Authored by luke on Mar 23 2023, 10:58 AM.

Details

Summary

These types of shuffles get lowered as a vmerge with a potential
vslide{up,down}.
There is still room for improvement in modeling these types, including
concatenating shuffles which are designated SK_InsertSubvector. These
can be lowered to one vslideup provided the types are legal. (And
sometimes, if the concatenated shuffle is used in something like an
interleave shuffle, then it has no cost at all. But there isn't any way
to detect that from the target hooks.)

Diff Detail

Event Timeline

luke created this revision.Mar 23 2023, 10:58 AM
Herald added a project: Restricted Project. · View Herald TranscriptMar 23 2023, 10:58 AM
luke requested review of this revision.Mar 23 2023, 10:58 AM
luke updated this revision to Diff 507825.Mar 23 2023, 11:02 AM

Remove FIXME

reames accepted this revision.Mar 23 2023, 2:04 PM

LGTM - once all the earlier patches have been approved.
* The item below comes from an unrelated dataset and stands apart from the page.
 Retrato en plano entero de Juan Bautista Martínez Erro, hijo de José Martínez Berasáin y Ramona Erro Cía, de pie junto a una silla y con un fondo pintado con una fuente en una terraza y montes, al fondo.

Note that you explicitly do *not* need to add the slideup only case to the costing for this LGTM. Doing so is a good idea, but this is much closer than the current code and is thus a worthwhile stepping stone regardless.

This revision is now accepted and ready to land.Mar 23 2023, 2:04 PM
luke updated this revision to Diff 508058.Mar 24 2023, 5:23 AM

Update costs to account for new vslideup patch

luke updated this revision to Diff 508121.Mar 24 2023, 9:06 AM

Update SLP vectorizer test case

luke updated this revision to Diff 508124.Mar 24 2023, 9:10 AM

Remove FIXME: The test case seems to be fully vectorizing the function, rather than half-vectorizing it as the comment states.
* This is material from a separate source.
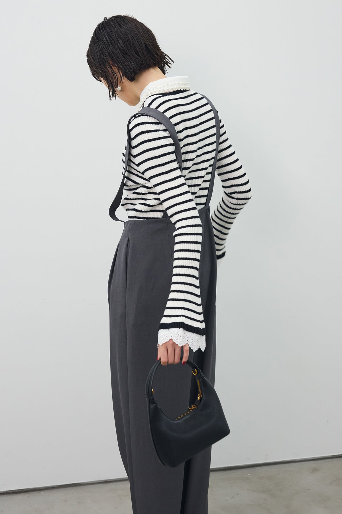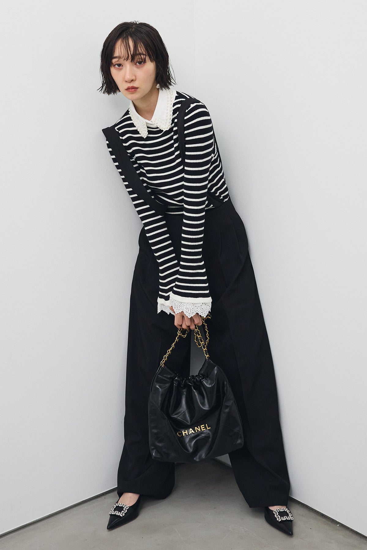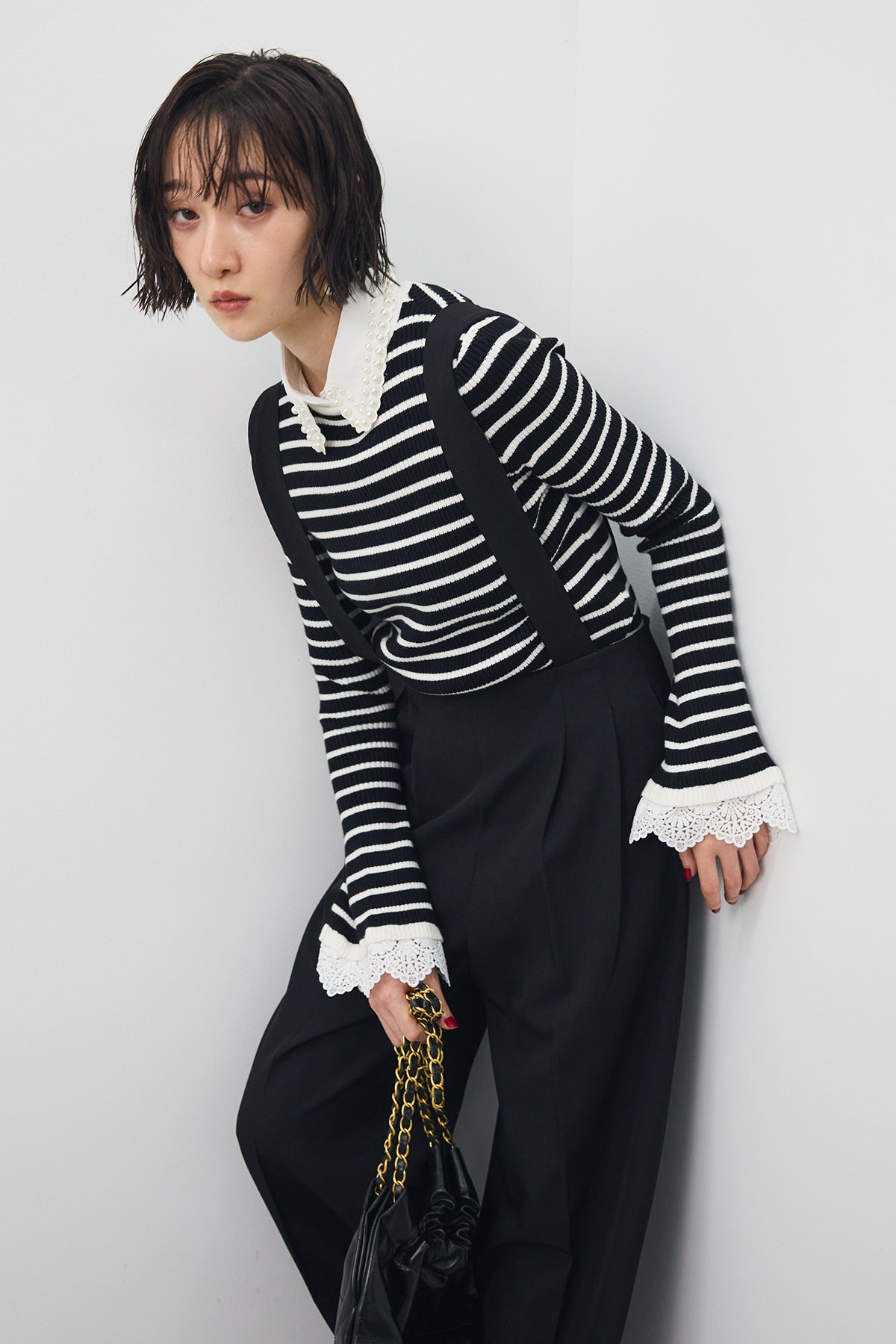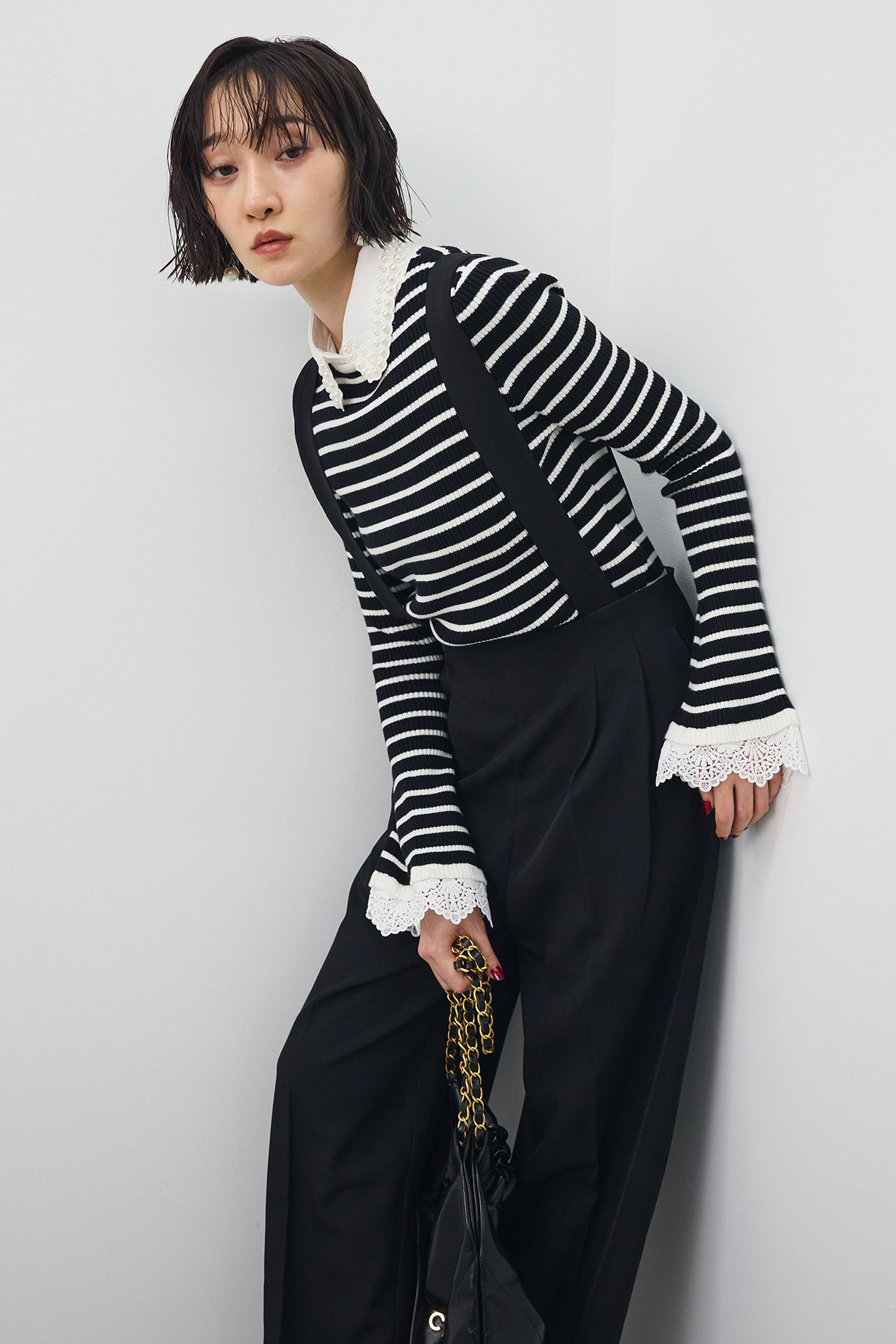 [予約/SET]フレアレースカフスリブニット+2連パール付け襟+とろみハイウエストサロペ(3set)

luke added inline comments.Mar 24 2023, 9:12 AM
llvm/test/Transforms/SLPVectorizer/RISCV/math-function.ll
204 ↗(On Diff #508124)

@reames Just want to draw your attention to these bits being vectorised now. Presumably this is caused by the above shuffles now having a cheaper cost.

luke updated this revision to Diff 508148.Mar 24 2023, 10:18 AM

clang-format

This revision was landed with ongoing or failed builds.Mar 24 2023, 10:31 AM
This revision was automatically updated to reflect the committed changes.
arcbbb added a subscriber: arcbbb.Mar 30 2023, 11:17 PM
arcbbb added inline comments.
llvm/lib/Target/RISCV/RISCVTargetTransformInfo.cpp
299

Thanks for implementing this!
I have a question: LT is from Tp, is it supposed to use SubTp instead of Tp here?

luke added inline comments.Mar 31 2023, 2:52 AM
llvm/lib/Target/RISCV/RISCVTargetTransformInfo.cpp
299

Good point, I'm not sure. Aarch64 seems to SubTp for costing their subvector inserts. Should we be using both legalisation costs?

luke added inline comments.Mar 31 2023, 3:03 AM
llvm/lib/Target/RISCV/RISCVTargetTransformInfo.cpp
299

Using SubTp for the legalisation cost here gives us this diff for this test case

 define <8 x i64> @insert_subvector_offset_1_v8i64(<8 x i64> %v, <8 x i64> %w) {
 ; CHECK-LABEL: 'insert_subvector_offset_1_v8i64'
-; CHECK-NEXT:  Cost Model: Found an estimated cost of 4 for instruction: %res = shufflevector <8 x i64> %v, <8 x i64> %w, <8 x i32> <i32 0, i32 8, i32 9, i32 10, i32 11, i32 5, i32 6, i32 7>
+; CHECK-NEXT:  Cost Model: Found an estimated cost of 2 for instruction: %res = shufflevector <8 x i64> %v, <8 x i64> %w, <8 x i32> <i32 0, i32 8, i32 9, i32 10, i32 11, i32 5, i32 6, i32 7>
 ; CHECK-NEXT:  Cost Model: Found an estimated cost of 1 for instruction: ret <8 x i64> %res
 ;
   %res = shufflevector <8 x i64> %v, <8 x i64> %w, <8 x i32> <i32 0, i32 8, i32 9, i32 10, i32 11, i32 5, i32 6, i32 7>
   ret <8 x i64> %res
 }

This is what's actually generated:

insert_subvector_offset_1_v8i64:        # @insert_subvector_offset_1_v8i64
	.cfi_startproc
# %bb.0:
	vsetivli	zero, 5, e64, m4, tu, ma
	vslideup.vi	v8, v12, 1
	ret

It's using LMUL=4 here so I would presume we still want to cost it as 4 * one vslideup.

arcbbb added inline comments.Apr 1 2023, 11:05 AM
llvm/lib/Target/RISCV/RISCVTargetTransformInfo.cpp
299

vsetivli zero, 5, e64, m4, tu, ma
vslideup.vi v8, v12, 1

I thought the operation was done after 2*VLEN was written even though LMUL is 4, but after having second thoughts, I think it really depends on HW implementation. So it is fine to me now.